The discovery of this bacteria-killing mechanism in the smallest viruses is a "milestone in our quest for antibiotics," says Sankar Adhya, chief of developmental genetics at the National Cancer Institute in Bethesda, md . The simplicity of the mechanism suggests a quicker route to designing new antibiotics that can continue to be effective against bacterial resistance.
Researchers have long known that phages with larger genomes break out of bacterial cells with the help of an endolysin -- an enzyme that enables them to rip through cell walls. But it remained a mystery how smaller viruses, with only 3-10 genes, could escape from their hosts. Small phages lack the genetic machinery needed to manufacture endolysins the way large ones do.The thousand dollar question has been how they made bacteria blow up.
Young's group looked at two different phages inhabiting Eschericha coli bacteria: Q-beta and phi-X174. In both they cloned the single gene they knew to be involved in the virus's exit from its host. After injecting the gene into live Eschericha coli, they found that only a few rare mutants managed to survive. On a closer look, they found the injected gene had been altered in the mutant bacteria. And this allowed them to pinpoint the exact step in the process of cell-wall synthesis that each phage was inhibiting. Although the Q-beta and phi-X174 viruses both inhabited the same host, the researchers found that each made a protein, which attacked a different step in the cell-wall synthesis. They are currently investigating a third virus that may inhibit yet another stage of cell-wall development, says Young.

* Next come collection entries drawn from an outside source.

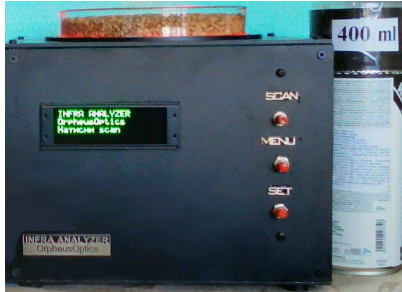
Експресен анализатор на цяло зърно - Infra Analyzer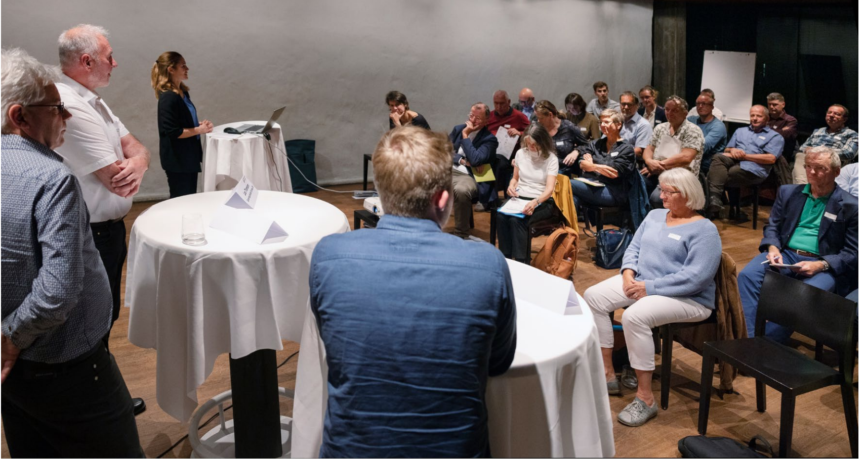
Wissensplattform Innenentwicklung: Erfahrungsaustausch am 20. Oktober in Bern.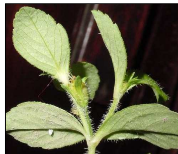
Figura 7. Heterosperma ovatifolium Cav.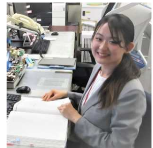
（検務官室所属・令和7年採用）

私は現在、 検務部門 で事件・令状担当として勤務しています。 主に、警察から検察庁に送られてきた 事件の受理手続 や検察官が捜査をした事件の 処理手続 、 令状を裁判所に請求する事務 などを行っています。 責任の重い業務ではありますが、その分 様々な知識を身につけることができ、やりがいを感じています。 また、業務で分からないことがあった時には、 上司や周りの方が親身になって教えてくださるため、安心して業務に取り組んでいます。 検察庁に少しでも興味のある方は、是非、 業務説明会にお越しください！！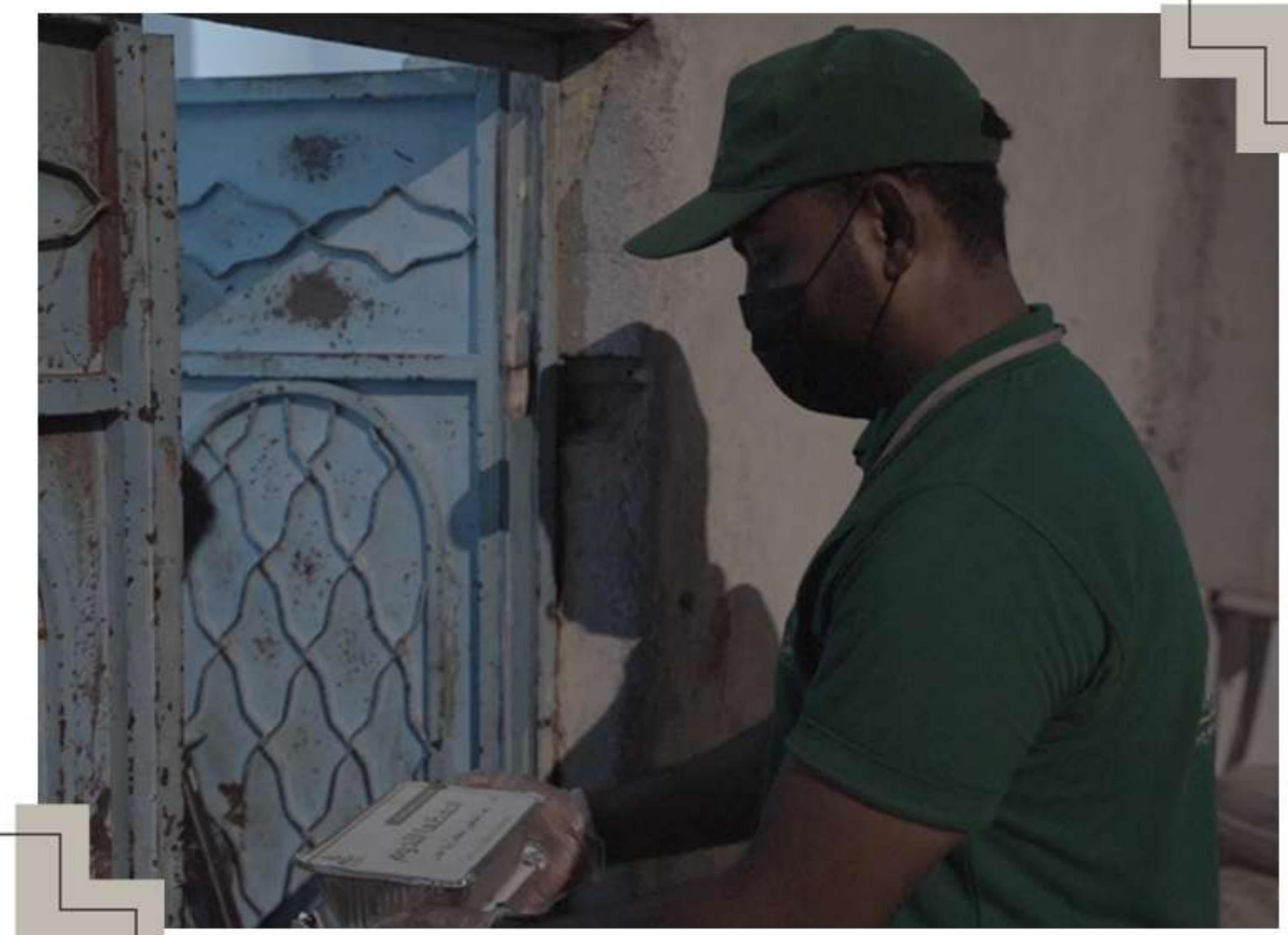
توزيع على الأسر المحتاجة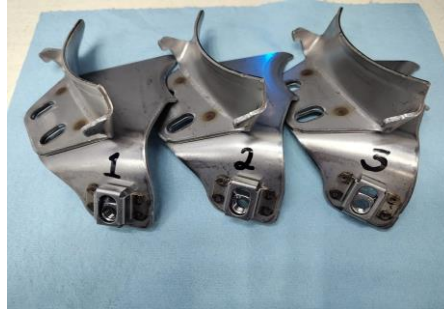
Imagen 1. Identificación de items. Image 1. Item identification.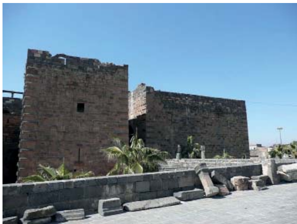
Рис. 7. Открытый музей в археологических раскопках Босры.

Fig. 7. Open-air museum at the archaeological excavations of Bosra.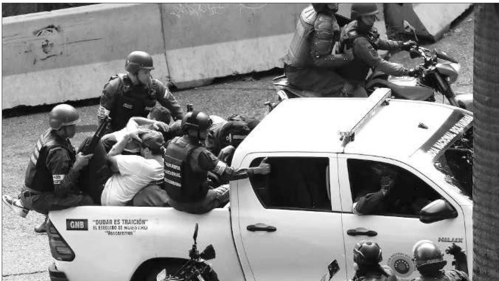
▲ El mandatario venezolano dijo que mantendrá la disposición de movilizar a policías y militares en las protestas que se levantaron en la capital y varios puntos más del país desde el lunes en contra de los resultados anunciados por el Consejo Nacional Electoral.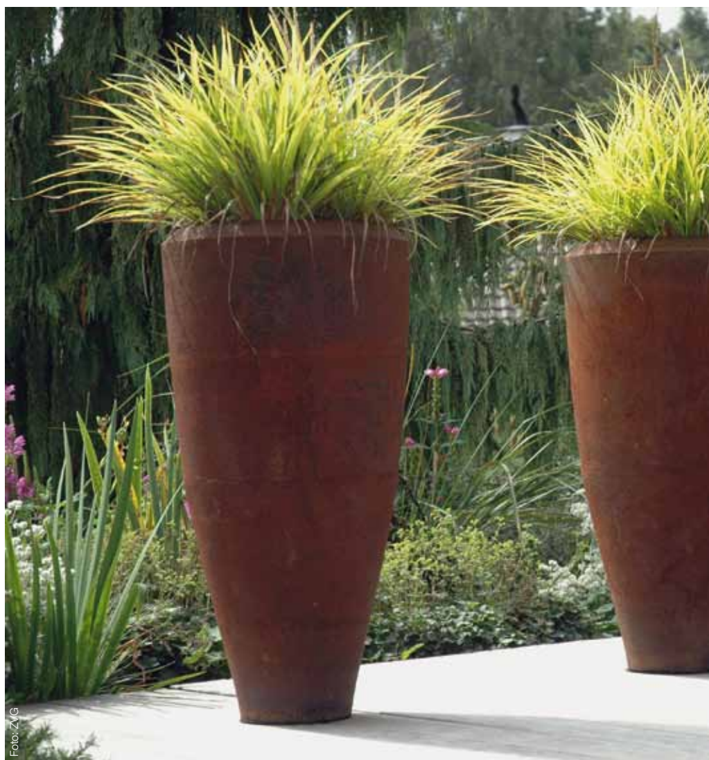
Schmal, aber oho: Hohe, schlanke Töpfe brauchen wenig Platz – und erzielen eine grosse Wirkung.

Für Gartenplaner Schöni ist das ein zentraler Punkt: Wenn es den Menschen, die über den Garten verfügen, nicht wohl sei – «dann bringt das gar nichts.» Es gebe eben verschiedene Restaurants und somit auch verschiedene Gärten. Ein Duftgarten etwa, einer mit Rosen, Salbei und Pfingstrosen, deren Düfte die Luft schwängern, mache sich nicht in jeder Umgebung gut. «Mitten in der Stadt wirkt das an den Haaren herbeigezogen», sagt Schöni. Wenn es aber zum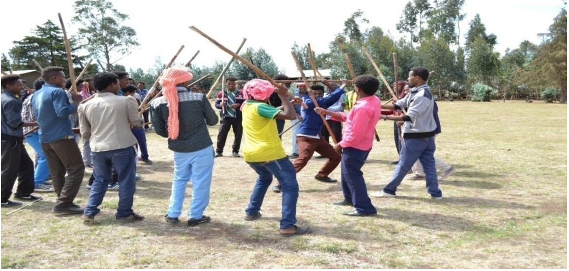
Suura 4- Rukkuttaa shimalaa irraa gadi gaggeeffamu

Akka ragaan afgaaffiifi daawwannaan taasifame ibsutti,dhiichisa keessatti rukutta shimalaa kan jalaa oliifi suuta gaggeeffame akkasumas kan irraa gadiifi human dabalachuun gaggeeffame jedhanii adeemsa ramaduu keessatti rukuttaan shimalaa jalaa oliifi suuta gaggeeffame ergaa taphaa/walii galtee kan dhaamu yoo ta’u rukuttaan shimalaa irraa gadiifi human dabalatee dhiyaate ergaa walitti bu’iinsi jira jedhu kan akeeku ta’uu yaada olitti kennamerraa hubachuun nidanda’ama.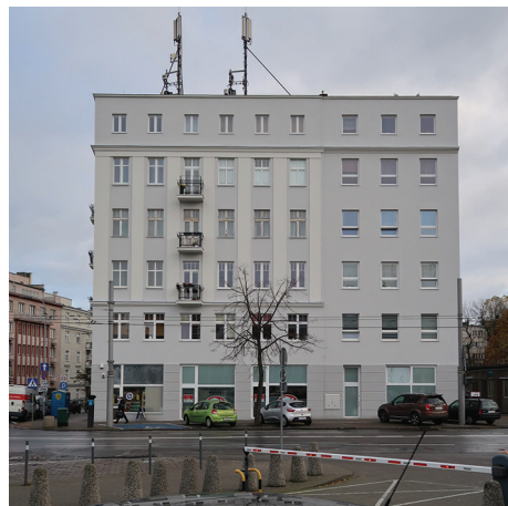
Budynek mieszkalny, ul. Starowiejska 47 – remont elewacji frontowych.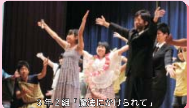
3年2組 「魔法にかかれて」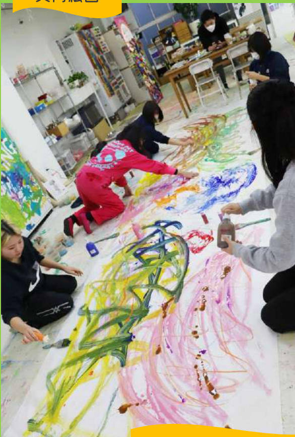
ブラインドドローイング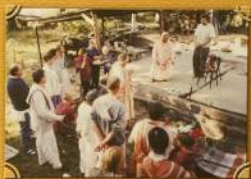
Закаладла камоч на иесте Бурдичего црине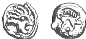
LT 7445. Sénon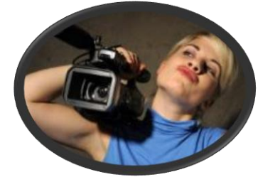
Video film makers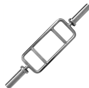
AC-008 Barra Olímpica H Dimensão (mm) 1200 Peso 12kg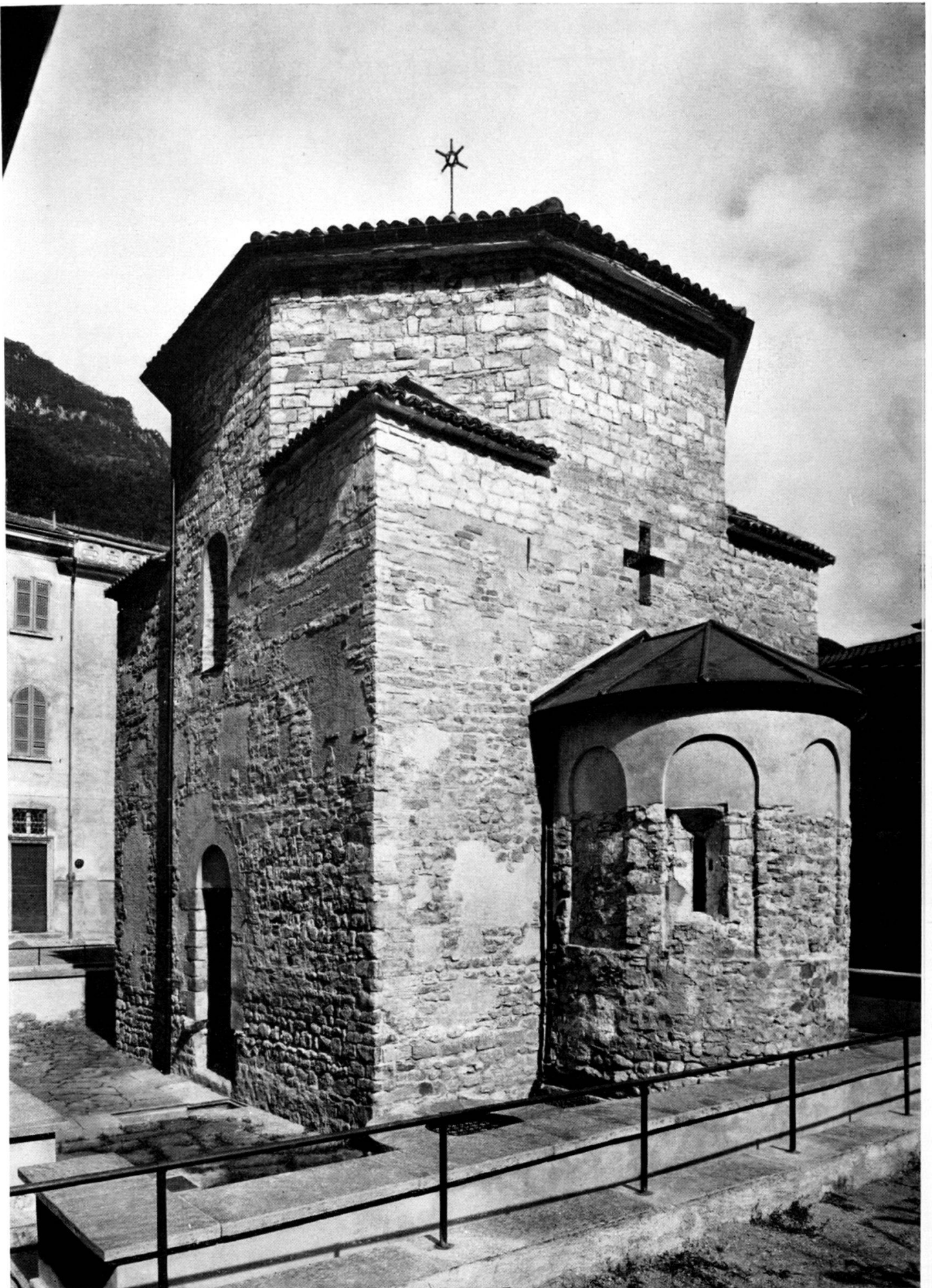
Taf. I. Riva San Vitale Baptisterium, Ost-Süd-Ansicht

The diversity in the way phages get out of their hosts shows there are many options for developing phage antibiotics. Phage dna could be used to produce protein antibiotics that would attack bacterial cell-wall synthesis at any one of several steps in the process. This versatility, Young explains, would make antibiotics more readily adaptable to new strains of bacteria.
In theory, when bacterial strains develop resistance, manipulating the dna code to attack a different point in the cell-wall armor is an easier and quicker strategy than attempting to revise the complex molecular chemistry of a synthetic antibiotic.
Furthermore, the bacterial cell wall is an opportune target for antibiotics because human cells don't have an outer wall, so phage antibiotics should not have harmful side effects (www.techreview.com , 15 August).